Need help confirming and testing spooling + spill behavior in Starburst

knikhilreddy99 · December 1, 2025, 11:20pm

Hi Lester, thanks for the details!

We have two AMI Dev clusters — one in us-east and one in us-central-122. Spooling is enabled only on the central-122 cluster, and I can see the log message “spooling is enabled with …” which confirms that the configuration is loaded correctly.

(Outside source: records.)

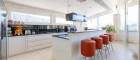 Die Küche beindruckt mit einer Kochinsel mit dunkler Quarzarbeitsfläche und Ceranfeld, akzentuiert durch eine schwebende Edelstahlhaube und schlanke Barhocker. Grifflose, weiße Fronten verbergen großzügigen Stauraum und integrieren High-End-Geräte, während dreifach verglaste Panorama-Fenster den Watzmann ins Küchenambiente holen.
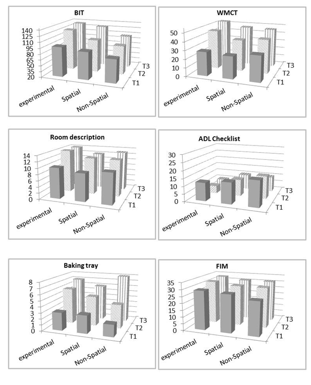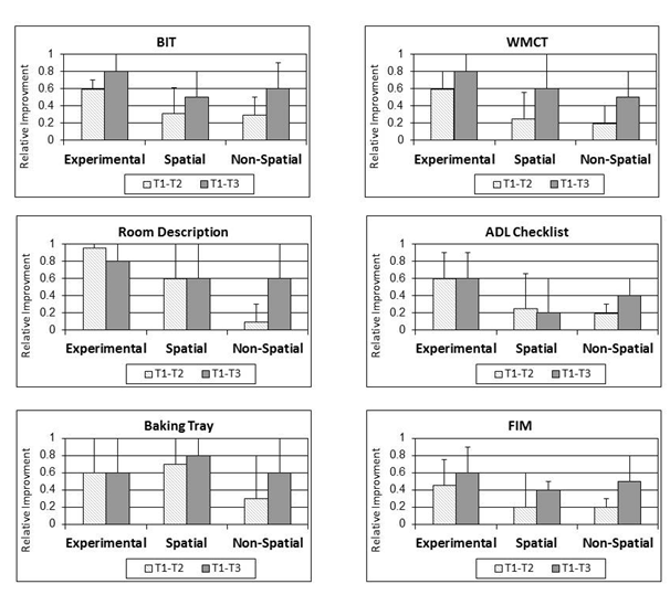 We compared the achievement of potential improvement by each group, as explained in the Methods section. The results (Table 2) (Figure 2) point to a distinct time course in the achievement of potential improvement by each group. The experimental group achieved more than 50% of its average potential for improvement during the two-week intervention period (T1-T2) in all measures except for the FIM. In contrast, the achievement of potential improvement during that time, by the non-spatial control group, was smaller than 50% in all measures. In the spatial control group, the improvement during the treatment period was smaller than 50% in all measures except for the Room Description and the Baking Tray.
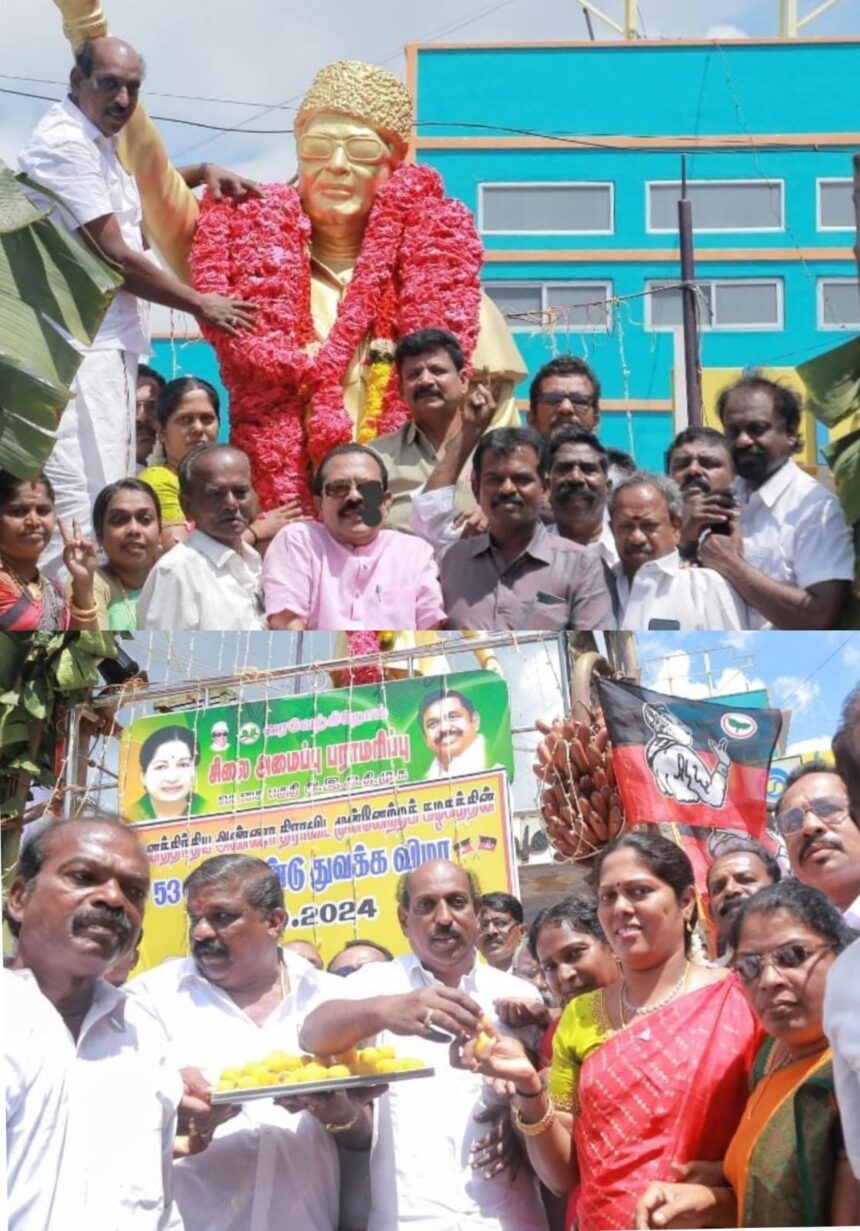 கன்னியாகுமரி மாவட்டம் நாகர்கோவில் வடசேரியில் அஇஅதிமுக – வின் 53-வது ஆண்டு துவக்க விழாவை முன்னிட்டு கழக பொது செயலாளர் எடப்பாடி பழனிச்சாமி உத்தரவின் பேரில் நேற்று நாகர்கோவில் வடசேரி சந்திப்பில் உள்ள அதிமுக நிறுவனர் தமிழக முன்னாள் முதலமைச்சருமான டாக்டர். எம்.ஜி. ஆர் அவர்களின் திருவுருவ சிலைக்கு அதிமுக குமரி மாவட்ட பொருப்பாளர் ஜாண் தங்கம் , மற்றும் அதிமுக வடக்கு மண்டல தலைவரும் நாகர்கோவில் மாநகராட்சி உறுப்பினருமான ஸ்ரீ லிஜா மற்றும் நாகர்கோவில் முன்னாள் சட்ட மன்ற உறுப்பினர் நாஞ்சில் முருகேசன் மாலை அணிவித்து மலர் தூவி மரியாதை செலுத்தினார். தொண்டர்களுக்கும் பொது மக்களுக்கும் இனிப்புகள் வழங்கினர். வடக்கு மண்டலம் சார்பாக ஏழை எளிய மக்களுக்கு சுமார் 2000 -க்கும் மேற்பட்டவர்களுக்கு இலவச வேட்டி , சேலை வழங்கினர்.இந்நிகழ்ச்சியில் ஆயிரக்கணக்கான அதிமுக தொண்டர்கள் மற்றும் கட்சி நிர்வாகிகள் பொதுமக்கள் ஏராளமாக கலந்து கொண்டனர். தொண்டர்கள் அனைவரையும் வரவேற்க்கும் விதமாக சாலையோரம் அதிமுக கட்சி கொடிகள் நடப்பட்டு, மேள ,தாளம், முழங்க இசை கச்சேரிகளும் , வாணவேடிக்கைகள் விடப்பட்டது. இதனால் அப்பகுதி முழுவதும் விழாக்கோலம் போன்று காட்சி அளித்தது. காண்போரை கவரும் விதத்தில் அமைந்திருந்தது. தாகம் தனித்த பொதுமக்களுக்கு குடிநீர் பாட்டில்கள் விநியோகிக்கப்பட்டன. குமரி மாவட்ட காவல் கண்காணிப்பாளர் உத்தரவின் பேரில் சாலையில் போக்கு வரத்து நெரிசல் ஏற்ப்படாத வண்ணம் வடசேரி காவல் நிலைய ஆய்வாளர் ஜெயலெட்சுமி தலைமையில் போலீசார், மற்றும் போக்குவரத்து பிரிவு காவலர்கள் சாலையில் போக்குவரத்து நெரிசல் இன்றி வாகனங்கள் செல்லும் விதத்தில் போக்குவரத்தினை சிறப்பான முறையில் செயல்படுத்தினர்.

Now I’d like to compare the two clusters (spooling ON vs OFF) to understand the real execution differences. I’m trying to validate:

How query execution changes with and without spooling
The impact on memory usage, performance, and result handling
Whether spooling is actually being triggered when running large result-set queries through the trino-python-client

Here is the test query I’m using:

WITH base AS (
    SELECT *
    FROM "ami_sb_insights"."ami_sbe_config"."biac_audit_session"
    LIMIT 400000
)
SELECT b.*, t.n
FROM base AS b
CROSS JOIN UNNEST(sequence(1,10000)) AS t(n);

This produces ~4 billion rows, so it should be large enough to trigger spooling if it’s active.

Could you guide me on the best way to validate spooling behavior across both clusters? For example:

Is this a suitable query to show a clear difference between “spooling enabled” and “spooling disabled”?
Should I run the same query on both clusters and compare worker memory, S3 spool segment creation, or runtime?
Are there specific metrics, logs, or UI pages you recommend monitoring while testing?

Thanks again for your help!